Pub Date: Sept. 1st, 1989
ISBN: 0156278065
Publisher: Harcourt Brace Jovanovich

The inimitable Lem continues his penetrating, profound social criticism by dramatizing—in the form of an alien-contact yarn—what can go wrong with society even when ideology is absent. A ship of six human explorers, identified only by their specialties, crash-lands on planet Eden. Odd enough is the local vegetation: tangles of spiderlike vines; giant calyxes that withdraw into the ground; blossoms that take flight like startled insects.
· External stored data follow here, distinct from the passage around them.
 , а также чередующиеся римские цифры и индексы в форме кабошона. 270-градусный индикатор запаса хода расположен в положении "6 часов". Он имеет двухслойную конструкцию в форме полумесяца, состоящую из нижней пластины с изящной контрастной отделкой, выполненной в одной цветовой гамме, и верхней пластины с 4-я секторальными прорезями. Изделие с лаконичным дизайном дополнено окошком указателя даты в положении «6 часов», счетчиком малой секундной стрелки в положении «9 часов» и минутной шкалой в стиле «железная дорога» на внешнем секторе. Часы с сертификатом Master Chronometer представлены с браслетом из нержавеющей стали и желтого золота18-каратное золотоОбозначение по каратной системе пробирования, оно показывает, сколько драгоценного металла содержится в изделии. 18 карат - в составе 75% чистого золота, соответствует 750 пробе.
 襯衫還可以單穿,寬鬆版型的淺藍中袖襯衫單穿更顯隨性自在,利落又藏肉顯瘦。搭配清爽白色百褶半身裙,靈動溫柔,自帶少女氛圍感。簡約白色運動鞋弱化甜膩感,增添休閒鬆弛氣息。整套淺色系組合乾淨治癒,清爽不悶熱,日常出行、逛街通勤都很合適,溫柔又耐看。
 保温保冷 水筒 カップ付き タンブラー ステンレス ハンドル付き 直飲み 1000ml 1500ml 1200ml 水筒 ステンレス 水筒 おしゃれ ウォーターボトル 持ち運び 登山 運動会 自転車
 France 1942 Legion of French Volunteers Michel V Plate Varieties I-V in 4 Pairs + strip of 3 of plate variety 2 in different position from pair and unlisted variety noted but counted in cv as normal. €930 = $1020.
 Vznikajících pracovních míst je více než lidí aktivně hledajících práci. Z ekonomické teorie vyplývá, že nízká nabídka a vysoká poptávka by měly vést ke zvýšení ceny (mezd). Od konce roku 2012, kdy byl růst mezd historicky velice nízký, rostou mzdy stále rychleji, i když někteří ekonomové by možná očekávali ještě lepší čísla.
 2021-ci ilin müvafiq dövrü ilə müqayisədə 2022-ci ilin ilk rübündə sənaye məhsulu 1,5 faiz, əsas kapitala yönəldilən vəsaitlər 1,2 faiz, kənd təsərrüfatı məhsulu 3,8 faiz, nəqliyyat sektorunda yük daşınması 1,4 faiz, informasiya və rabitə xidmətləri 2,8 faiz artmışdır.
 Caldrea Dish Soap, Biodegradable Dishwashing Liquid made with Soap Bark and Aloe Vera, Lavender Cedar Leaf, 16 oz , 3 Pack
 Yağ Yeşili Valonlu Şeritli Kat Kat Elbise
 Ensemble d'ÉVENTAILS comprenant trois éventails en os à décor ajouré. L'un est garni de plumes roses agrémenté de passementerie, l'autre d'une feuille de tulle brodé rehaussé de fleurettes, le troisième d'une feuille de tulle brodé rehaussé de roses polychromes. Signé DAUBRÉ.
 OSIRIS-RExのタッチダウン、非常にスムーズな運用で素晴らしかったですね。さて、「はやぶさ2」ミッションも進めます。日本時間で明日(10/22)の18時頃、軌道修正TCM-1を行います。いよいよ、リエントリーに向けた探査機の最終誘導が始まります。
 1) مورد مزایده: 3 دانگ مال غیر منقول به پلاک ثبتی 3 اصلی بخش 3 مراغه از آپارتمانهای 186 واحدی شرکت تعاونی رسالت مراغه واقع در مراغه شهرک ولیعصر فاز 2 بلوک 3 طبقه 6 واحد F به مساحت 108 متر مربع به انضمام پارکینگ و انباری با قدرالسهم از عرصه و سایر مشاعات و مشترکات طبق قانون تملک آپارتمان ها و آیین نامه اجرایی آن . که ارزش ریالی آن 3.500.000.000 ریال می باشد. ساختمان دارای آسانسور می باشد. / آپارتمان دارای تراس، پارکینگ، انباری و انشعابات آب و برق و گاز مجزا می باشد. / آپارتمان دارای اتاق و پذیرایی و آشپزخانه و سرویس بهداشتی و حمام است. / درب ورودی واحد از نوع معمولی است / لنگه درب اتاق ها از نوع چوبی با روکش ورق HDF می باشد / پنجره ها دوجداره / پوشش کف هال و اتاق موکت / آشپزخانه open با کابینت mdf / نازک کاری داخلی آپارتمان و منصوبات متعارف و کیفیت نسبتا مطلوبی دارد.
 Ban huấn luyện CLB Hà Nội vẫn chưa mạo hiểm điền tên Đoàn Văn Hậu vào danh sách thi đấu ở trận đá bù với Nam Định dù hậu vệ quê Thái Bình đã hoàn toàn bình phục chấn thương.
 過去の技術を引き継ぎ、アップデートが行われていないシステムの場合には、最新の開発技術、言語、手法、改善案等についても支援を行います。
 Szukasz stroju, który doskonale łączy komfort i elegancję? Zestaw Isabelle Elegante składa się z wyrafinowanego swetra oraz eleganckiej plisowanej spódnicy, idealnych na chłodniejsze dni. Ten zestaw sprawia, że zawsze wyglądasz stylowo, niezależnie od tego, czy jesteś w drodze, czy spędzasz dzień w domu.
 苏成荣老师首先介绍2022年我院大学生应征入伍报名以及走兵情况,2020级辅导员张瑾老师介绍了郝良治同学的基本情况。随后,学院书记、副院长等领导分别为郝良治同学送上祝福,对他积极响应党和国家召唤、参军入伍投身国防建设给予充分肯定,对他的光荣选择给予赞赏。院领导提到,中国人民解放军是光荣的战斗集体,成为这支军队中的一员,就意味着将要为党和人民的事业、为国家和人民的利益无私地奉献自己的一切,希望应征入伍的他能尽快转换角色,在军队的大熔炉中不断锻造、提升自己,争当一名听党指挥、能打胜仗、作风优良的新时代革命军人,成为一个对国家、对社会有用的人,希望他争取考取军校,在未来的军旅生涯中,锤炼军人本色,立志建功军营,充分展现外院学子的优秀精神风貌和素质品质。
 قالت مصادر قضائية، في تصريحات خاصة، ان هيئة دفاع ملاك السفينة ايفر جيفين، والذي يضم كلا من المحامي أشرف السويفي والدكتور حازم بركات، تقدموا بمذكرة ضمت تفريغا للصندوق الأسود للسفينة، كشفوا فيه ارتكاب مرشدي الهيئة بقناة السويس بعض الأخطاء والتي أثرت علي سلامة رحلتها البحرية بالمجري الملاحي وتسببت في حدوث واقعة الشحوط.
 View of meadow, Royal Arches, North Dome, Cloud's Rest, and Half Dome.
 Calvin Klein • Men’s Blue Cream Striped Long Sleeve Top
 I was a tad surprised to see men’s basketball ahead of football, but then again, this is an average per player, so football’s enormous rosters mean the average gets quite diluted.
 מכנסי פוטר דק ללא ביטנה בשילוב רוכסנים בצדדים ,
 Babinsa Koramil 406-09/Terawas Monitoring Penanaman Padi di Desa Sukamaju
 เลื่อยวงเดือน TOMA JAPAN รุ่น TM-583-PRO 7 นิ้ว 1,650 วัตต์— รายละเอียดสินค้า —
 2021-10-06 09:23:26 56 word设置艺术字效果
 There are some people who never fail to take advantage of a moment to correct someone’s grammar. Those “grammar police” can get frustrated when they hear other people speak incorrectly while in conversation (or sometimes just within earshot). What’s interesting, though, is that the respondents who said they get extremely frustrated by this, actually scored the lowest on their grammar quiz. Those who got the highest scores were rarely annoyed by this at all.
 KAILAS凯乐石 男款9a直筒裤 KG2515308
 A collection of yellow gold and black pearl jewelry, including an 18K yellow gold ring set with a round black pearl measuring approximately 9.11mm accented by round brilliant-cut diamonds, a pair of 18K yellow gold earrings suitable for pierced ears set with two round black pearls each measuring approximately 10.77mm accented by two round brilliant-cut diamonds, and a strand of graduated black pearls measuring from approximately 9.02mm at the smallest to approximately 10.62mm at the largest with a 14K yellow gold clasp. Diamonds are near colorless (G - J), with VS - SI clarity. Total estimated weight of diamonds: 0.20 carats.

Odder still are Eden's huge, leaping inhabitants, or "doublers," whose humped bodies support subsidiary centaurlike torsos, arms, and heads. As the Engineer, the Cyberneticist, and the Physicist labor to rebuild the ship's wrecked systems, the Captain, the Doctor, and the Chemist explore an automated factory, manufacturing who-knows-what, that appears abandoned and out of control. Further afield, they observe strange alien vehicles, mass graves, weird buildings full of skeletons in jars, pits containing deformed corpses, microminiature clockwork "seeds" the "grow" walls of glass. As violence inevitably erupts, the crew members are forced to defend themselves—but only when an alien astronomer detects do the humans learn that they are witnessing a biological experiment gone wrong, perpetrated by a government so secretive that it denies its own existence. Like Lem's most recent, the brilliant Fiasco (1987), a terrifyingly plausible picture of a world gone mad.